An additional and related interest would be the development of soybean lines characterized by not only low linolenic acid content, but also by a relatively low palmitic acid content. More specifically, a major competitor of soybeans for the vegetable oil market is canola. Canola has been promoted as a healthier oil than soybean oil because of its relatively lower saturated fatty acid content. It would be a significant advance to be able to provide soybean oil that not only has the benefits associated with a relatively low linolenic acid content, but also which would have a palmitic acid content similar to that of canola.
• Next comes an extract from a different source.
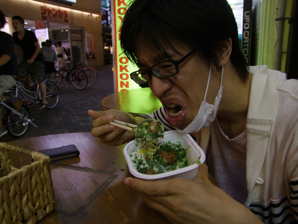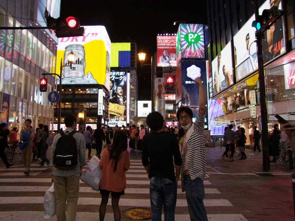 しかし、宿が決まればこちらのものです。この日の宿は、なるべく安く…と、西中島南方という場所でのホテルを選ばせて頂きましたが、チェックインした時点で夜の20:00…。まだまだこの日の時間は残っているではないですか。これはもう、残りの時間で大阪の街を堪能するしかないでしょう(笑)。早速、池田君とミキヤとの3人で、夜の大阪へと繰り出したのでした(伊藤さんと奥さんは…ホテルに居残っていました…勿体無い…笑)。

Despite all of these prior efforts, there remains a current need for soybeans having a still further reduced level of linolenic acid. Indeed, it would be considered, from applicants' perspective, a breakthrough to be able to achieve soybean lines having linolenic acid contents, as determined by gas chromatography, of 2.5% or less, much less to be able to provide soybean lines having linolenic acid contents of 2.0% and less. A soybean line having relatively high stearic acid content and a linolenic acid content of 2.5% or less would be a further breakthrough. It would be yet a further breakthrough to combine, in a soybean line, a low linolenic acid content with a moderately high palmitic acid content. Still additional breakthroughs would thus involve, in a soybean line, the combination of a relatively low linolenic acid and a relatively high oleic acid content and also such a combination with a relatively low saturated fatty acid content. Yet another breakthrough would involve the combination, in a soybean line, of low linolenic and palmitic acid contents.